Je l'avoue, point de vue bandes dessinées j'étais un peu restée à l'âge de pierre: Achille Talon, Snoopy, Les Bidochon, Rubrique-à-brac...  Le seul truc un peu plus récent auquel j'avais accroché c'était Dilbert, ce comic strip américain sur les aléas du monde du travail.  Puis l'an passé, poussée par de nombreux billets élogieux, j'ai découvert avec un immense plaisir la série des Paul de Michel Rabagliati. Cela m'a encouragée à élargir mes horizons, et lors de mon dernier arrêt à la bibliothèque, j'ai emprunté les premiers tomes de deux séries que j'avais remarquées ici et là sur la blogosphère (mais où? Rogntudju, je n'arrive pas à m'en souvenir!)

De Cape et de crocs
Un dessin absolument magnifique, des couleurs vibrantes à dominantes bleues et orangées; une atmosphère de roman d'Alexandre Dumas, avec clins d'oeil à Cyrano, Molière, La Fontaine; et ces deux gentilshommes -- ou plutôt gentilsanimaux, puisque Don Lope de Villalobos Y Sangrin est un loup et son ami Armand Raynal de Maupertuis un renard -- à la fois drôles et romantiques à souhait; sans oublier un petit lapin absolument craquant du nom d'Eusèbe:  j'ai tout aimé de cette BD absolument parfaite! Le tome 1 finit sur un cliffhanger incroyable, ça me prend la suite au plus vite!


Magasin général
Dans un style plus réservé, toute en teintes de terre convenant fort bien au sujet, cette BD est un peu un téléroman mis en image, mais alors un téléroman bien réussi, avec un excellent équilibre entre l'humour et l'émotion.  Ça se déroule dans les années vingt, dans un petit village du Québec.  Les personnages sont attachants, pas trop stéréotypés, et les deux dessinateurs/scénaristes français ont eu l'excellente initiative de demander la collaboration d'un auteur québécois pour les dialogues, qui sonnent fort juste!

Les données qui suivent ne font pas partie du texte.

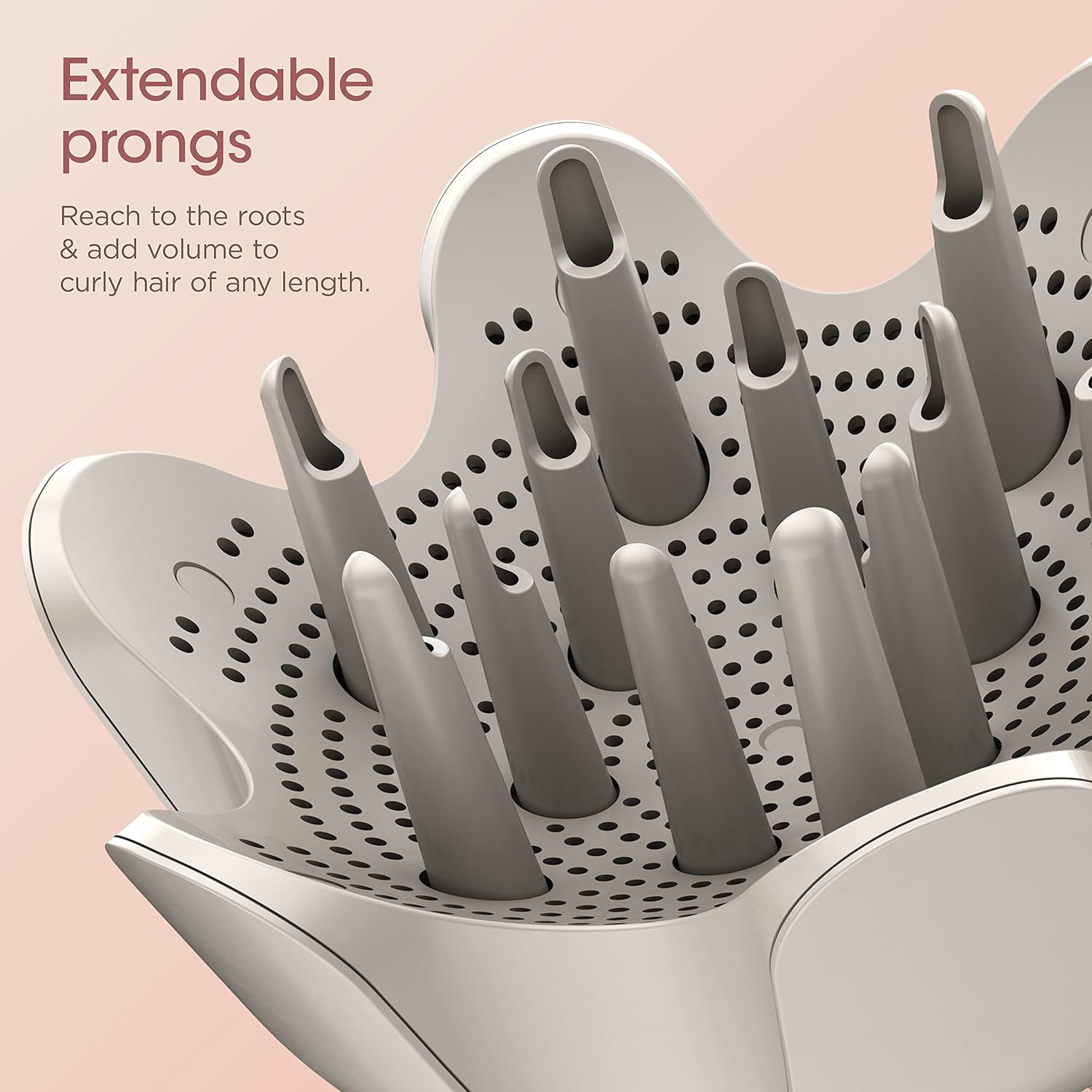 Shark XSKHD4DA FlexStyle Curl-Defining Diffuser, Attachment for Shark FlexStyle Blow Dryers, Styling Tool for Wavy, Curly, and Coily Hair, Enhance Natural Curls, Extendable Prongs, Stone

De Cape et de crocs, Acte 1: Le secret du Janissaire, d'Ayroles et Masbou,  Delcourt, 1995, 46 p.
Magasin général, tome 1: Marie, de Loisel et Tripp, Casterman, 2006, 80 p.

03 juin 2010

Moi aussi!

«Vieux ou neufs, le seul signe dont j'essaie toujours de débarrasser mes livres (en général sans grand succès) est l'indication de prix que leur fixent au dos des libraires malveillants.  Ces affreuses écailles blanches sont difficiles à arracher, elles laissent des cicatrices lépreuses et des taches de glu auxquelles adhèrent la poussière et la bourre des âges, et je rêve d'un enfer collant spécial auquel serait condamné l'inventeur de ces adhésifs.»
Alberto Manguel, La Bibliothèque la nuit.

01 juin 2010

Novecento: pianiste

Se lisant comme une nouvelle, Novecento: pianiste est en fait une pièce de théâtre écrite pour un seul acteur, un monologue.  Ceux qui me lisent depuis un certain temps ont pu le constater, je ne suis pas forte sur les nouvelles, mais j'ai néanmoins bien apprécié celle-ci.  Peut-être parce qu'elle se présente toute seule et non en un recueil? Mais surtout grâce à la belle plume d'Alessandro Baricco, toujours aussi fantaisiste. L'idée de départ est formidable (né sur un transatlantique, orphelin recueilli par l'équipage, Novecento n'est jamais descendu à terre) et fort bien exploitée, avec beaucoup d'humour, de poésie et l'omniprésence de la mer et de la musique.  Seule la fin m'a un peu déçue, me semblant tomber à plat.  Mais dans l'ensemble, une lecture charmante.

Le billet d'Allie, celui de Catherine du Biblioblog.

Novecento: pianiste d'Alessandro Baricco, traduit de l'italien, publié chez Mille et une nuits en 1997. 77 p. Titre original: Novecento. Un monologo (1994).